Nader's prospects for at least making a blip in November - assuming he stays in the race - rest in the hands of a group many experts call relatively small in number, but remarkably broad in terms of the agendas it represents.

Some of Nader's "true believers," as one observer calls them, have an almost nihilistic take on major-party politics. But his supporters also include some conservative Christians, one of whom calls Nader a "puritan patriot [whose] morals require all of us to do more for each other and the public good."Also among core backers: ardent internationalists and elements of the more isolationist Reform Party.

"They don't care about Republican or Democratic politics," says Michael McDonald, professor of public affairs at George Mason University in Fairfax, Va. "They have a commitment to something they believe in, and they're going to support that."

Democrats have worked hard to win them over, labeling votes for Nader as wasted votes and citing Al Gore's contested 537-vote loss in 2000 in electoral-vote-rich Florida. Nader drew 97,000 votes there - many of which were probably pulled from Mr. Gore.

Howard Dean - whose "Deaniac" followers were thought by some observers to be among the ripest for conversion to the Naderite nation - wrote an opinion piece in Monday's New York Times that hailed Nader's accomplishments but added that Nader had "no realistic shot," and cited the "danger of voting for any third-party candidate in elections this close."

Indeed, some experts point to signs that commitment to Nader could falter as the election nears.

"I suspect one of the reasons Nader will likely end up with much less support - aside from the fact that he's not likely to get onto the ballot in some states - is that many of his voters did accept the analysis [that he was a spoiler]," says Howard Gold, a professor of government at Smith College in Northampton, Mass.

Only the relatively few who reject that analysis - perhaps less than half the 2.7 percent Nader won over in 2000, says Mr. Gold - will stay with him. Polls show he is now drawing anywhere from 2 to 6 percent.

"You're talking about the ultimate protest voter," Gold says of the holdouts. "Their vote is an expression of disaffection from the system.... [But] I think it'll be tempered by what's happened in the past four years, and by an awareness among former Nader voters about the consequence of their actions."

Yet nothing seems to anger Naderites more than being told they should feel chastened by Gore's loss.

"That is offensive," says Julio Postigo, a retired physician in Miami. "By saying that, they are trying to deny me a choice [in 2004].... I like Ralph," says Mr. Postigo. "I think that he has a chance to build a party," Green or otherwise.

Nader is running this time as an Independent. That his appeal seems to cut across so many lines - even within a small bloc - is significant, observers say.
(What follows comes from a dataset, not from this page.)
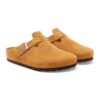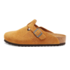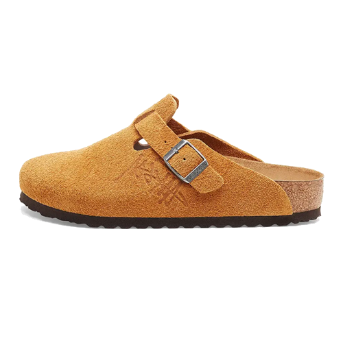 Introducing the Stüssy x Birkenstock Boston Caramel Clog, a harmonious fusion of streetwear flair and timeless comfort. This collaboration reimagines Birkenstock’s iconic Boston silhouette through Stüssy’s distinctive lens, resulting in a versatile and stylish clog suitable for any season. Crafted from premium suede leather, the upper boasts a rich caramel hue that exudes warmth and sophistication. The debossed Stüssy logo on the exterior adds a subtle yet impactful branding touch, while the dark brown suede lining ensures a luxurious feel against the skin. An adjustable strap with a matching matte buckle allows for a personalized fit, enhancing both comfort and style.

"Nader keeps saying that they may be a different set of people [than in 2000], and there's some information that he's right," says Richard Winger, publisher of Ballot Access News.

"When we think about Nader, we think about his having some kind of ideology," says Mr. McDonald, "And that would be a liberal ideology that's to the left of Kerry." Logically, that would lock out support from the right side of the spectrum, he says. But in Nader's case, some intangibles appear to override that. Another factor: more voters willing to mix and match from major-party menus. "Not all political issues fit neatly in the left/right thing," says Mr. Winger.

The broad implication is that a viable third-party movement could finally emerge as voters gain the confidence to go their own way. Voter participation spiked when Ross Perot ran for president in 1992. He claimed 19 percent of the vote as new voters stepped forward.

"We see Mr. Nader's candidacy as [another] vehicle to do that," says Carey Campbell, state chairman of the Independent Green Party in Virginia.

Before the 2000 election, a Gallup poll found 67 percent of Americans favored a strong third party. Recent surveys have shown the elusive 18-to-30 set of voters to be watching the 2004 election closely. Nader's contingent, experts say, could be a sign of things to come.

It begins with city councils and mayoral races, McDonald says - and with grass-roots campaigns like Nader's.